Resting a moment on his oars while the slender bark still kept her way, he turned his head toward what seemed to be an opening in the forest on the left, and in the same instant the boat ran head on, to the shore, the inlet at this point almost doubling on its course. Beyond, by the humming of bees and the singing of birds, there should be a spot more open than the tangled wilderness he had passed; and, disengaging his prow from the alders, he shoved the boat again into the stream, and pulled round a high rock, by which the inlet seemed to have been compelled to curve its channel. The edge of a bright green meadow now stole into the perspective, and, still widening with his approach, disclosed a slightly rising terrace clustered with shrubs, and studded here and there with vases; and farther on, upon the same side of the stream, a skirting edge of peach-trees loaded with the gay blossoms which had guided him thither.

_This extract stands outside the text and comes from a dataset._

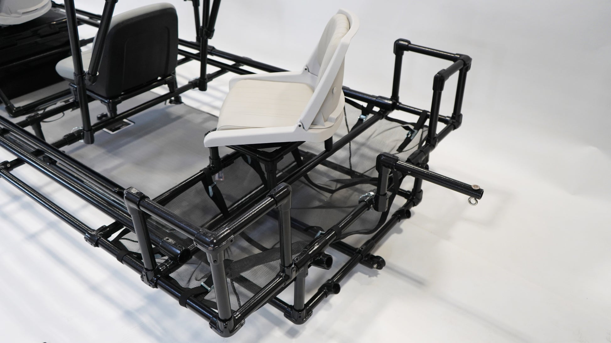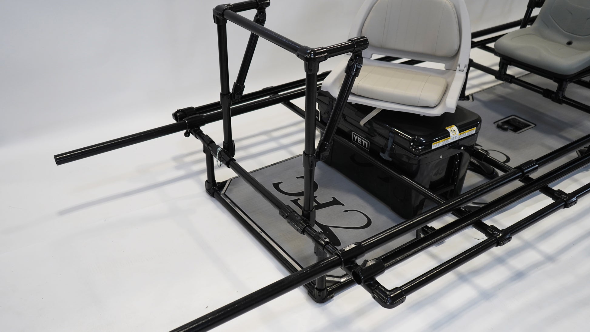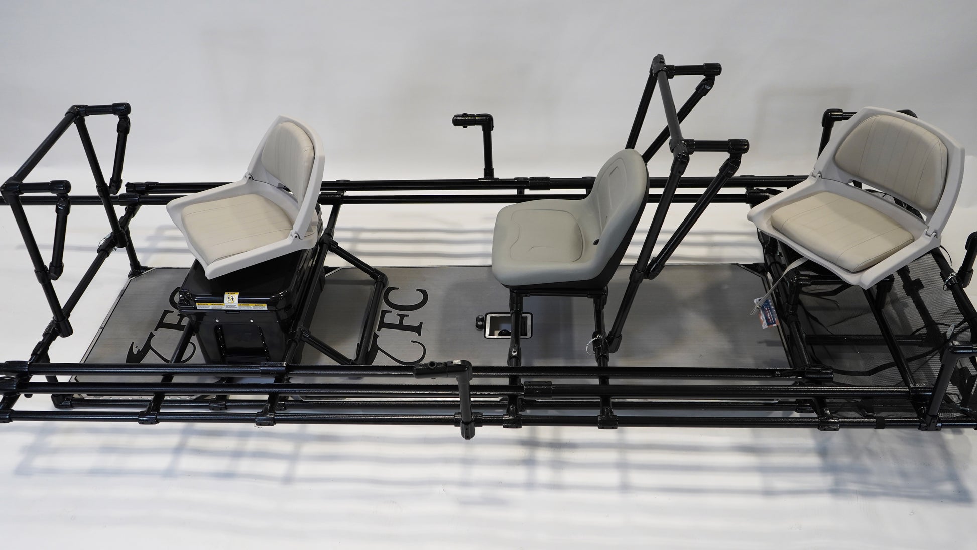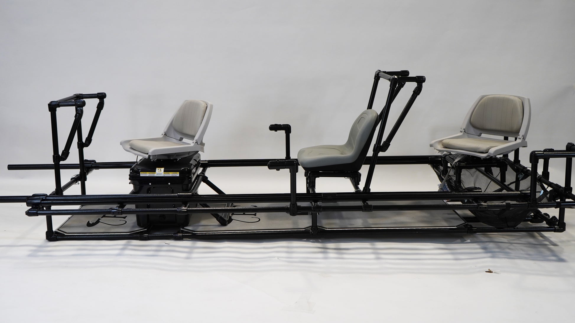 The Hydro Slay Guide Base Frame is the ultimate three-person cataraft frame, designed for bigger motors, heavier whitewater, and extreme durability. Built with Diamond Plate standing platforms for rock-solid stability and Seadek padding for all-season comfort, this frame ensures peak performance in both rough rapids and open waters. It features a 4 rod holder system, with two facing the front and two facing the rear angler for easy rod access. While heavier than its smaller one and two man counterparts, the Hydro Slay Guide delivers unmatched strength, control, and capacity—perfect for guides, anglers, and rowers looking for new water to explore and priceless memories to create.

Astonished at these signs of habitation in what was well understood to be a privileged wilderness, Yuentsoong kept his boat in mid-stream, and with his eyes vigilantly on the alert, slowly made headway against the current. A few strokes with his oars, however, traced another curve of the inlet, and brought into view a grove of ancient trees scattered over a gently ascending lawn, beyond which, hidden from the river till now by the projecting shoulder of a mound, lay a small pavilion with gilded pillars glittering like fairy work in the sun. The emperor fastened his boat to a tree leaning over the water, and with his short spear in his hand, bounded upon the shore, and took his way toward the shining structure, his heart beating with a feeling of wonder and interest altogether new. On a nearer approach, the bases of the pillars seemed decayed by time, and the gilding weather-stained and tarnished; but the trellised porticoes on the southern aspect were laden with flowering shrubs in vases of porcelain, and caged birds sang between the pointed arches, and there were manifest signs of luxurious taste, elegance, and care.